Le club des cinq: voilà à quoi rêve désormais l'UDC valaisanne, revenue d'ambitions jadis plus flamboyantes. Cinq comme cinq députés, contre deux aujourd'hui, de quoi former un groupe au Grand Conseil et agir donc en commission. Après avoir largement raté son implantation communale en décembre dernier, ce nouvel objectif, revu à la baisse, n'est même pas garanti. D'abord, les circonscriptions électorales – les districts – sont généralement encore plus verrouillées que les communes. Si, ici ou là, la vox populi a porté un UDC dans un Conseil communal, un siège de député est une chose trop rare et trop précieuse pour que les partis traditionnels laissent la moindre fenêtre de tir.

Dans le même ordre d'idées, l'UDC n'est implantée que dans quelques communes et, pour atteindre le quorum de 8% donnant droit à un fauteuil au Grand Conseil, il faut maintenir cette moyenne dans toutes les localités du district.

Les forteresses PDC

L'UDC place par exemple beaucoup d'espoir dans le district de Sierre, avec une liste à huit composée majoritairement de personnalités qui se sont déjà fait un nom dans le canton – souvent par le biais de la virulence et de l'exagération. Ainsi du polémiste Blaise Chappaz, du dentiste roumain Narcis-Paul Rosu – fraîchement naturalisé et surnommé par ses amis le conducator de l'UDC –, le bavard horticulteur Albert Pitteloud – qui avait fait un carton médiatique comme candidat au Conseil des Etats en octobre 2003 –, le teigneux notaire Edmond Perruchoud, ou le jeune et prometteur Blaise Melly, dents longues et propre sur lui. Mais voilà: cette brillante troupe de choc, cantonnée essentiellement dans la plaine, risque de n'engranger qu'à Sierre et de ne récolter que des miettes en Anniviers, forteresse PDC imprenable.
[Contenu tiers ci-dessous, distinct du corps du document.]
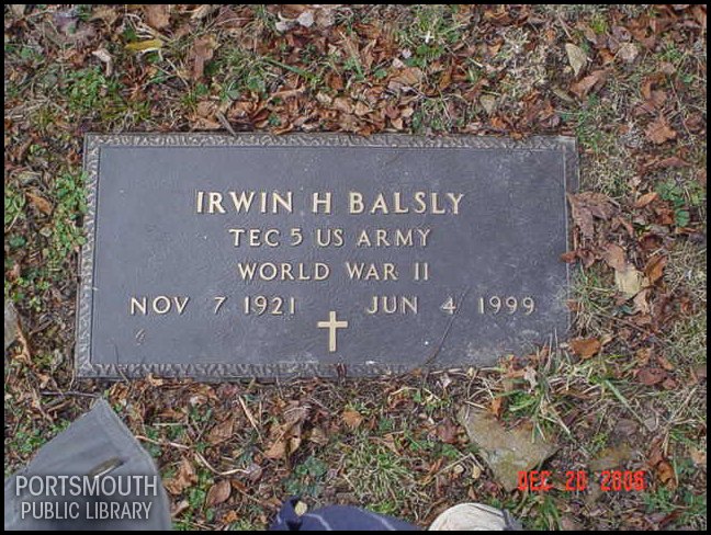 - Photo image of the headstone of Irwin H. Balsy in Mead Cemetery located in Scioto County.

Dans le district de Monthey, autre circonscription prometteuse, la donne est un peu différente: l'implantation UDC y est mieux répartie, avec des élus communaux du fond du val d'Illiez jusqu'au bord du lac. Mais avec des candidats dont la notoriété ne dépasse, justement, pas leur village. Le reste des espoirs agrariens se focalise sur Martigny et Sion, où certains caciques du parti sont engagés: le secrétaire général, Jean-Luc Addor, dans la capitale, ou le président, Raphaël Filliez, en Octodure.

Raphaël Filliez habite pourtant le district d'Entremont, mais cette terre très conservatrice lui est interdite. Il n'y existe aucune section UDC, d'où son parachutage à Martigny. Le positionnement très à droite du PDC dans les zones théoriquement les plus propices à l'UDC ressemble pour cette dernière à une quadrature du cercle, les conservateurs mangeant la laine du blochérisme sur son dos.

Les terres de Jean-René Fournier

L'exemple vient d'en haut, du chef du gouvernement, Jean-René Fournier, qui, en affirmant sa proximité, voire sa sympathie, pour nombre de thèses UDC, rend la tâche de Freysinger et consorts d'autant plus aléatoire. A quoi s'ajoute un Parti radical repris en main, et où nombre de brebis ayant fauté sont ramenées au bercail par l'impitoyable pasteur Bender. La constitution du club des cinq se jouera sans doute à peu de chose, entre deux scénarios extrêmes mais aussi possibles l'un que l'autre: le chou blanc total ou une heureuse surprise, du genre clan des sept.